Protecting Your Account Your logon username and password are your keys to doing secure business over the internet. They should be considered as important as your signature. Do not share your logon username or password with anyone. Violators may be subject to prosecution, fines, or other sanctions. Information Collected and How It Is Used The information collected for user access to the internet account and health application is limited to what is required to provide secure delivery of those applications. Information about users of these applications may include the following:

 Identifying information, such as names and other identification numbers, that is used to verify an individual’s identity when they request a logon username to access applications.

 Contact information, such as telephone numbers, postal addresses, and email addresses, that is used to contact the individual regarding their account.

 Information, such as logon usernames, passwords, and related attributes, that is used to maintain security.

 Program area identification numbers that are used to link a user and a specific application. This information will not be collected or stored unless it is required for access to specific applications.

Personal Information and Choice Personal information is information about an individual that is readily identifiable to that specific individual. Personal information includes identifiers such as an individual’s name, address, and telephone number.
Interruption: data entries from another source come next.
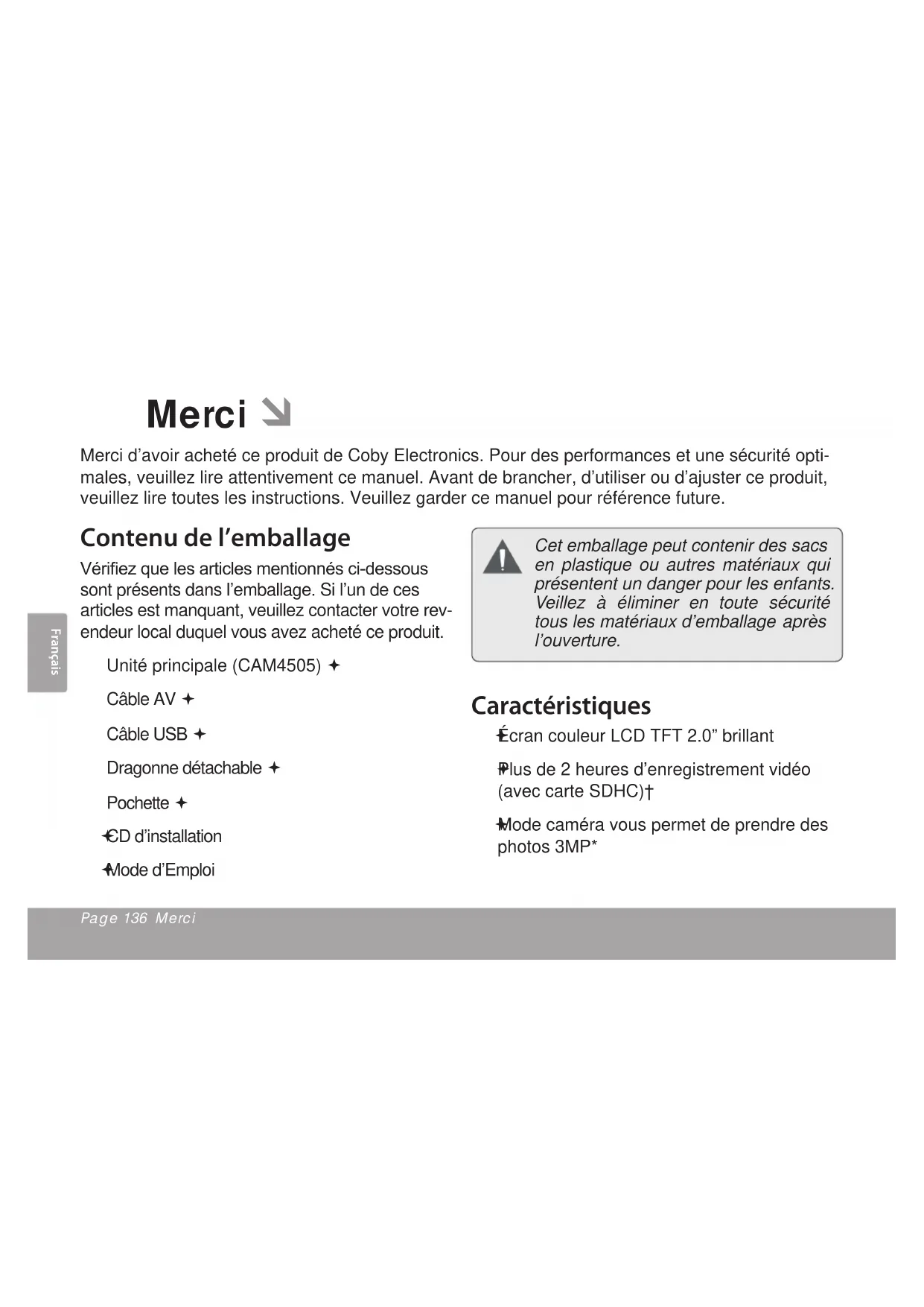 Merci d'avoir acheté ce produit de Coby Electronics. Pour des performances et une sécurité optimes, veuilles lire attentivement ce manuel. Avant de brancher, d'utiliser ou d'ajuster ce produit, veuilles lire toutes les instructions. Veuilles garder ce manuel pour reference future.
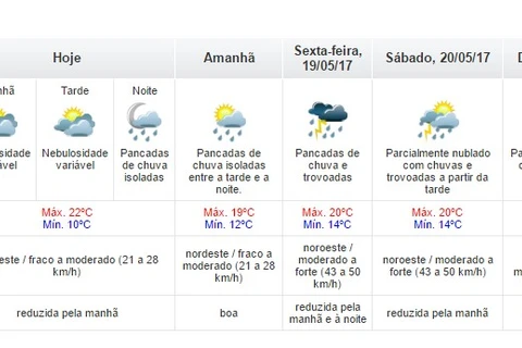 Na sexta-feira, 19, o volume de chuvas deve aumentar, inclusive com a incidência de trovoadas. O sábado e o domingo terão tempo parcialmente nublado, com chuvas e trovoadas ao longo dos dois dias.
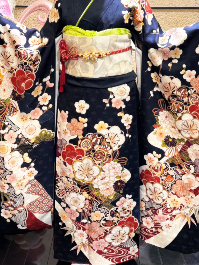 お選びいただきました紺色のお振袖は、
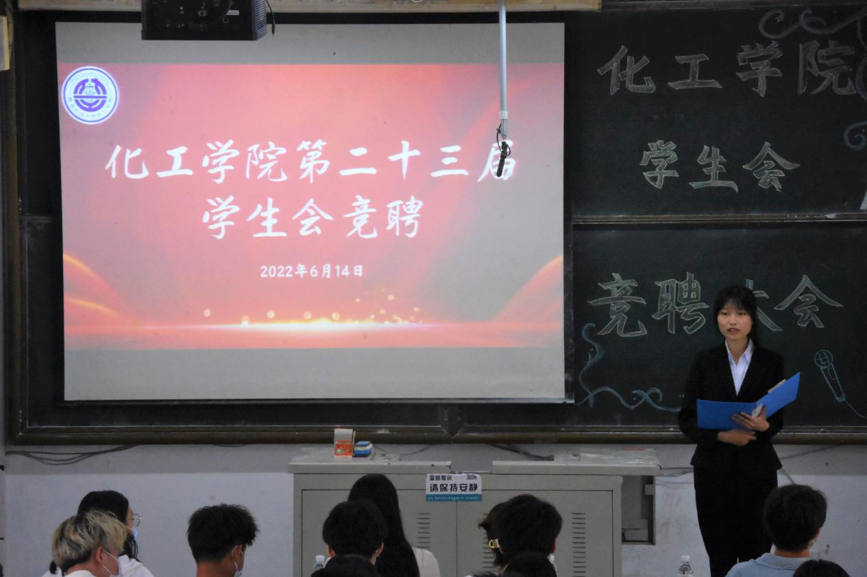 为促进学院学生会工的顺利开展,在工作中总结经验,展望未来,更好地部署下学年的工作安排,化工学院于2022年6月14日在第一教学楼202教室举办第二十三届学生会竞聘大会。团委老师李亚楠、孙希玲以及第二十二届学生会主席团成员出席了本次大会。
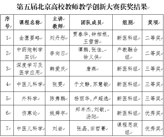 近日,北京市教育委員會發布了《關于公布第五屆北京高校教師教學創新大賽獲獎名單的通知》,我校推薦參賽的7支參賽團隊全部斬獲獎項,獲獎數量為歷年之最。
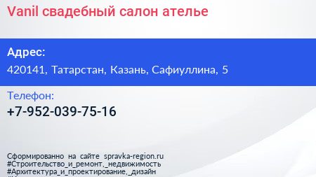 Vanil, свадебный салон-ателье по адресу 420141, Татарстан, Казань, Сафиуллина, 5 в дальнейшем Организация, размещена в следующих категориях:
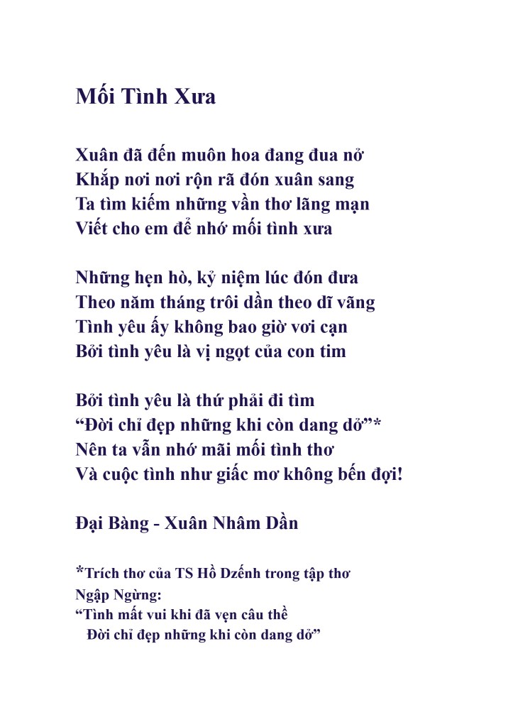| BÀI THƠ XUÂN MỚI Bài thơ Xuân mới viết cho em Nghe tận hư vô nỗi khát thèm Cuội đá còn nguyên đời kết tũa Mà em duyên dáng đứng bên thềm. Bỗng nhiên thức giấc hồn lau sậy Xanh biếc đời Xuân tựa cánh chim Đậu cánh mai vàng hương sắc cũ Lâng lâng giao cảm giữa triền miên. Cho ta dào dạt tim gan mới Xao xuyến từng cơn mạch đất lên Gấm lụa xa hoa vô nghĩa cả Vì em ngà ngọc tựa thần tiên. Trong ta bội phản chưa từng có Dừng lại bên bờ vực tử sinh Xuân đến, lòng ta Xuân mới đến Ru em tình tự mãi say mềm. Đăng Nguyên ( Dòng Mực Tha Hương) |
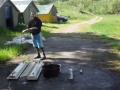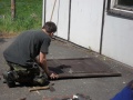 Sušák na prádlo jsme poopravili a holky se v tento parný den pustily do umývání světel. Bezpečnější je teď i přístupová cesta na klučičí záchodky, kde přibylo zábradlí.
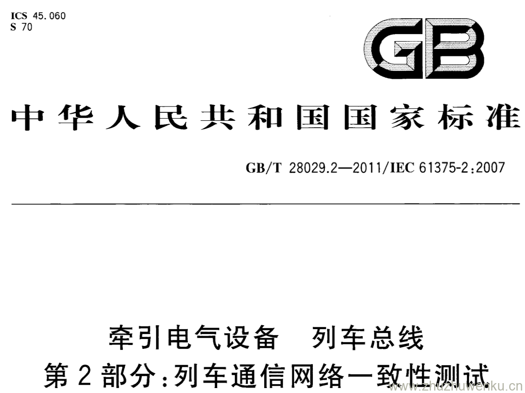 GB/T 28029.2-2011 pdf下载 牵引电气设备 列车总线 第2部分:列车通信网络一致 性测试
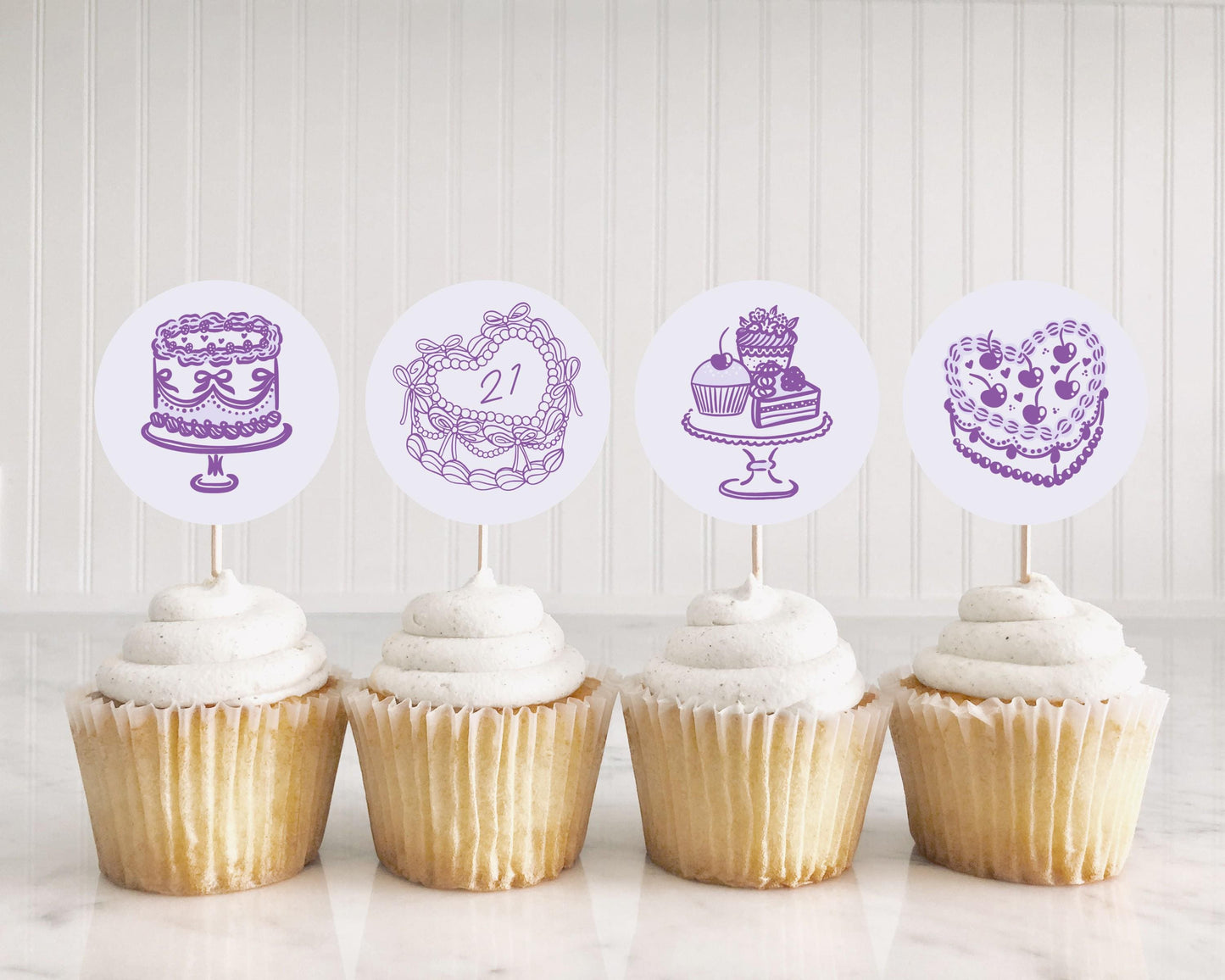 Purple Retro Coquette Heart Cake Bridal Shower Cupcake Toppers Template
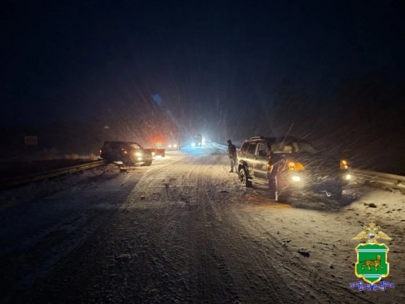 По предварительным данным, 22.02.2026 года в 19.00 на ФАД "Чита-Хабаровск" в Облученском районе ЕАО водитель автомобиля "Тойота Ланд Крузер" не учел состояние дорожного покрытия, не справился с рулевым управлением и совершил столкновение со встречно движущимся автомобилем "Тойота Ланд Крузер Прадо".
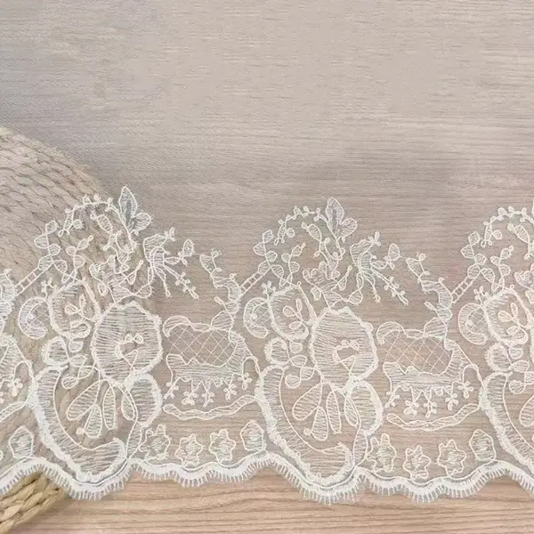 Lása bróidnithe poileistir mogalra fíorálainn clasaiceach le haghaidh éadaí ban ina bhfuil patrúin fhlóra bróidnithe, foirfe do éadaí foirmiúla na mban, faisean bridal, agus forleagan íogair. Tugann an fhabraic éadrom fós durable drape galánta le sofaisticiúlacht gan teorainn. Go hidéalach le haghaidh gúnaí, sleeves, veils, agus lingerie. Ar fáil i Eabhair clasaiceach, dubh, agus bán. Moltar timthriall níocháin láimhe nó meaisín milis. Rogha préimhe do dhearaí couture agus baill éadaigh ócáide speisialta. Díolta ag an gclós ag soláthróirí fabraice speisialtachta.
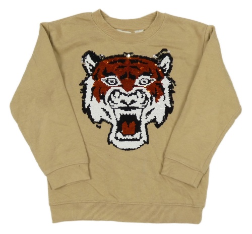 Béžová mikina s tygrem z překlápěcích flitrů H&M

A domain name or internet protocol (IP) address is not considered personal information. We do not collect any personal information about you unless you voluntarily participate in an activity that asks for the information. Access and Correction of Personal Information Individuals will be allowed to view personal information relating to their user profile and to update the contact information in their user profile (address, telephone, or email address). Passwords will be secured. Use of Cookies A cookie is a small amount of data, which may include an anonymous unique identifier that is sent to your browser from a website’s computers and may be used during your session (session cookie). Cookies may contain data about a user’s movements during their visit to the website. If your browser software is set to allow cookies, a website can send its own cookie to you. A website that has set a cookie can access only cookies it has sent to you; it cannot access cookies sent to you by other websites. When you request a logon username and password, a session cookie will be sent to your browser and stored in your computer’s memory. The cookie will be used to maintain session information unless you navigate to different services. Your privacy is best protected if you close your browser after you are done using applications that use session cookies.